The New Health-Care Bill and Pre-Existing Conditions

Text Size:
Health Care Bill Pre-existing Conditions

A lot has happened in Congress on the health care front since we reviewed three different Republican plans to repeal and replace the Affordable Care Act here at Diabetes Flashpoints in January. In early March, House Speaker Paul Ryan introduced the American Health Care Act, a bill that would leave much of the framework of the Affordable Care Act in place while removing the link between income and subsidies used to buy insurance, letting insurance companies charge older Americans more in premiums, and reorganizing and cutting funding for Medicaid.

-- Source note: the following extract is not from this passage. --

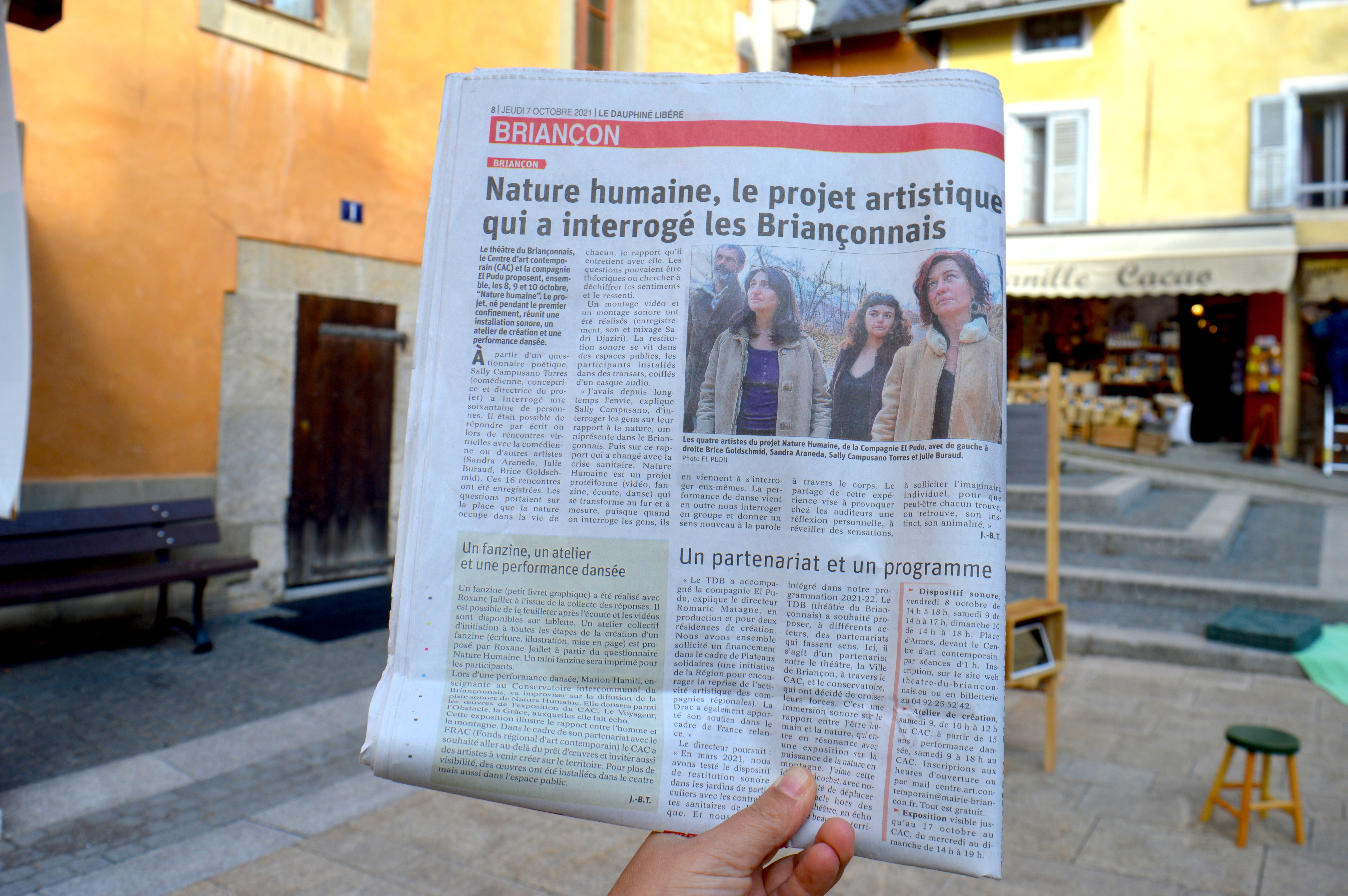 L’ombre d’un arbre feuillu, le sommet d’une montagne, le sable d’une plage ou encore un écran d’ordinateur (seulement si les circonstances l’imposent !) peuvent devenir le lieu idéal pour une rencontre intime entre les comédiens-sondeurs de Nature Humaine et le public.

Later that month, Ryan withdrew the bill just hours before a scheduled vote because it lacked the votes to pass.

Then just last week, the bill was reintroduced with a few changes designed to win the support of certain House members who didn’t back the bill in its original form. As noted in an article at CNN, the new version would allow states to opt out of requiring that insurers cover people with pre-existing conditions without charging them more — meaning that people with expensive health conditions could end up paying much more for insurance. The bill would also allow states to opt out of requiring insurers to cover certain essential health benefits, which means that insurers could sell cheaper, stripped-down insurance that doesn’t cover certain conditions or areas of care.

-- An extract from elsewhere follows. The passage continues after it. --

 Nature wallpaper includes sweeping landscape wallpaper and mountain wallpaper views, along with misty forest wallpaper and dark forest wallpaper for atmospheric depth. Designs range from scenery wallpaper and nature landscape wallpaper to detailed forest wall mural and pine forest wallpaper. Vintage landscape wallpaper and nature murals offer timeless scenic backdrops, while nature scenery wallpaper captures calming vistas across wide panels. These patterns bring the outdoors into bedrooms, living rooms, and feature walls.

Not surprisingly, this new version of the bill has been met by opposition from several different medical associations, including two representing diabetes: the American Diabetes Association and JDRF. In a joint statement with eight other groups, including the American Heart Association and the March of Dimes, the organizations state that “The individuals and families we represent cannot go back to a time when people with pre-existing conditions could be denied coverage or forced to choose between purchasing basic necessities and affording their health care coverage.”

In a separate statement, JDRF emphasizes that Type 1 diabetes is an expensive condition to cover, which means that under the latest bill, many insurers could charge people with diabetes higher premiums or refuse to cover them altogether — sending them to high-risk pools set up by state governments that could feature premiums 150% to 200% higher than typical market rates. The statement also notes that battles with insurers based on pre-existing conditions were common for people with Type 1 diabetes before the Affordable Care Act went into effect, and that the group wants to avoid going back to these struggles for its members in the future. It encourages people to contact their member of Congress to express opposition to the bill.

What’s your take on the latest version of the American Health Care Act — are you worried that it could affect your health insurance coverage? Do you think it’s a good idea to let insurance companies sell healthy people less comprehensive coverage, even if this means charging more for people with pre-existing conditions or those who want or need expensive health care covered? Would you buy a health insurance plan that didn’t cover certain areas of health care, like cancer treatments or rehabilitation care? Leave a comment below!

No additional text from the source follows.